Treatment can take place either on an outpatient basis or on an inpatient basis. The doctor decides this after diagnosis. Therapy consists of the following components:

  • You are taking medications such as neuroleptics, tranquilizers, etc. The course is chosen individually.
  • Psychotherapy sessions aim to correct the person’s behavior and increase his self-esteem. He must become aware of the disease. This will help to restore his ability to work and establish a relationship with others.
  • Instruction – the patient and his relatives are instructed about the remission period. Specialists explain how to prevent future attacks. Also, the patient’s relatives learn about the symptoms for which they need to take the patient to the clinic urgently.

Communication with doctors after treatment is not interrupted. Schizophrenia cannot be cured completely, although sometimes it is possible to achieve a lasting effect when symptoms are controlled for a long time (or even for the rest of your life).

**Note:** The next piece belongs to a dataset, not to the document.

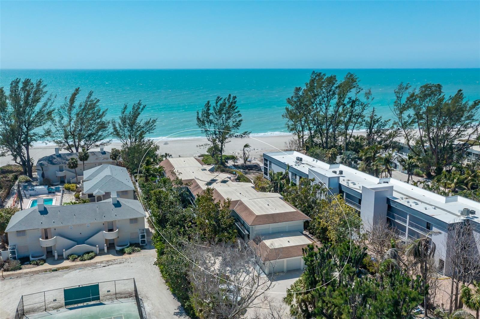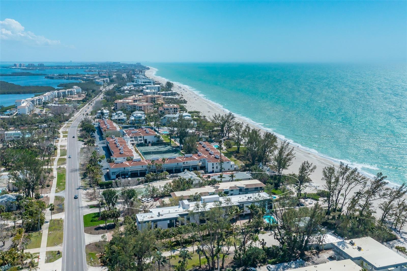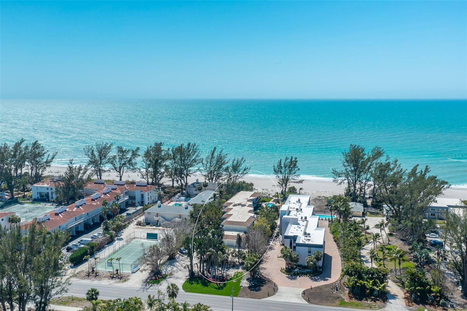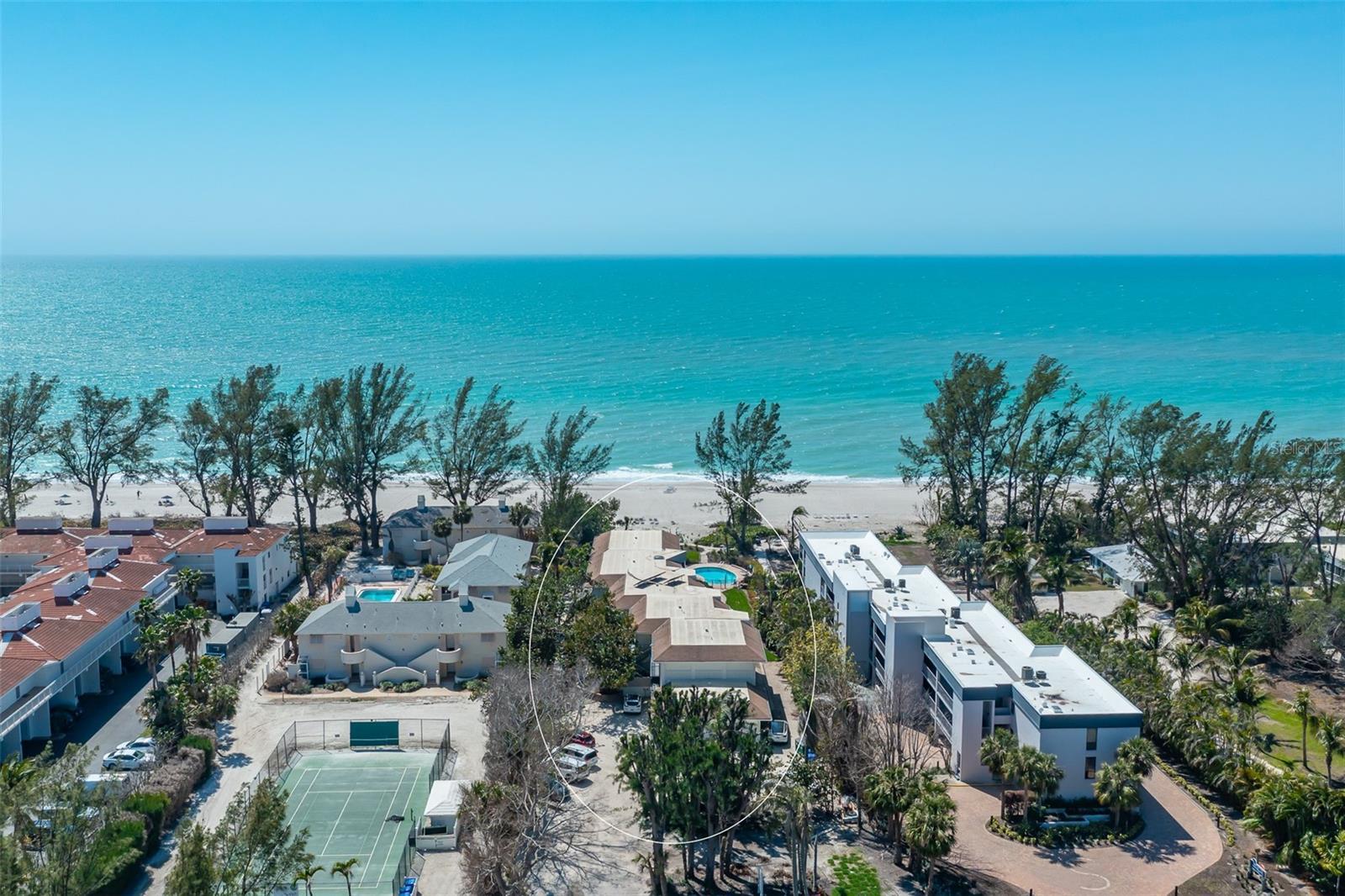 Attention Investors! This is a rare opportunity to own on the beach on LBK and collect rent. The GROSS INCOME from 1/1/25-12/31//2025 is approximately$76,478. This intimate, unique beachfront resort has only 8 condos and is available for daily, weekly or monthly rentals. All condos are beautifully appointed and smoke free. You will enjoy many relaxing hours on the beach where chairs are provided for you. The kitchen has stone counters and every small appliance you like to use. The screened porch is a quiet refuge from which to view the Gulf water and the lush landscaping. On site management handles all rentals, cleaning, advertising, bookkeeping and other administrative business. There are no HIDDEN CHARGES, (NO linen rental fee, NO cleaning fee, No business tax fee,) as there are in other vacation rentals. This lovely condo is being offered TURNKEY FURNISHED. Restaurants, nature trails, a park with tennis and pickleball, and food shopping are close by. Financials will be provided upon request. This condo is heavily booked so showings are available only on check out day which is usually Saturday at 10.Call agent for availability. Life is good on Longboat Key!
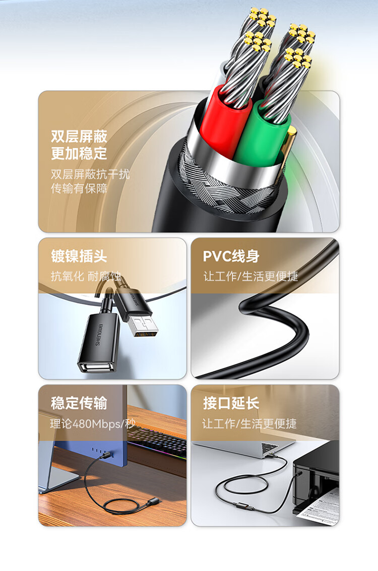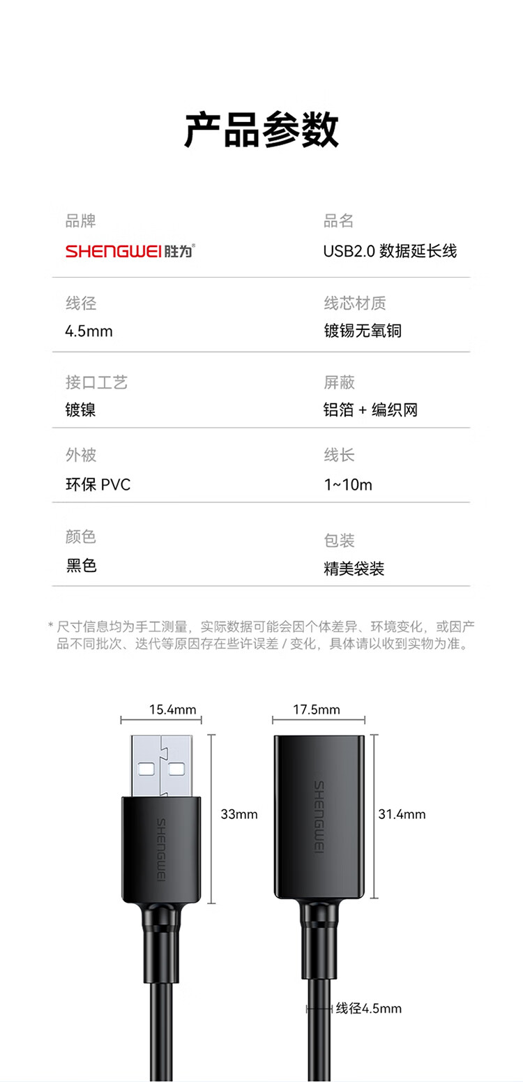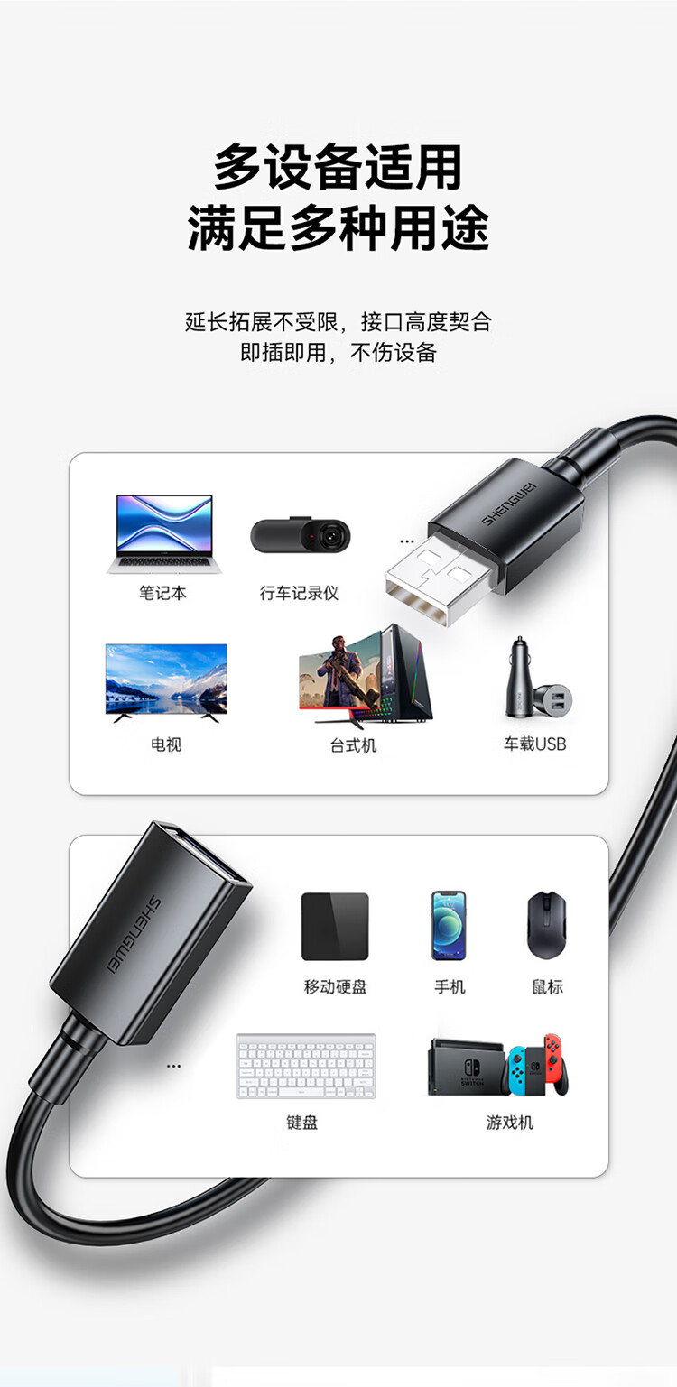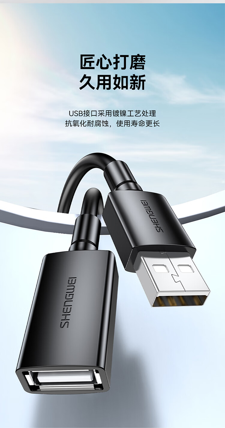 胜为 USB2.0延长线 AUF1010G 黑色 1m 1根

To prevent the progression of the disease, the patient must take preventive measures. First of all, you should eliminate bad habits and order your life. In general, doctors advise adhering to the following rules:

  • Follow the daily routine – get up early, get enough sleep, eat on time, and walk outdoors daily.
  • Exercise – exercise, ride a bike, go skiing, or go to the pool.
  • Eliminate stress – avoid conflicts and stressful situations, and limit communication with people who provoke arguments.
  • Eat a healthy diet – avoid alcohol, coffee, strong tea, spicy and fatty foods, and include foods with vitamins and minerals in your diet.
  • See a therapist or psychologist regularly, especially during periods of low energy and poor mood.

Schizophrenia is not a sentence. With this diagnosis, leading a comfortable life at a quality level is possible. But to do so, you will have to work on yourself, your behavior, and your daily routine. The likelihood of relapses is reduced if everything is done according to the doctor’s instructions. However, no specialist will give a 100 percent prognosis since schizophrenia, including slow onset, is a very unpredictable pathology.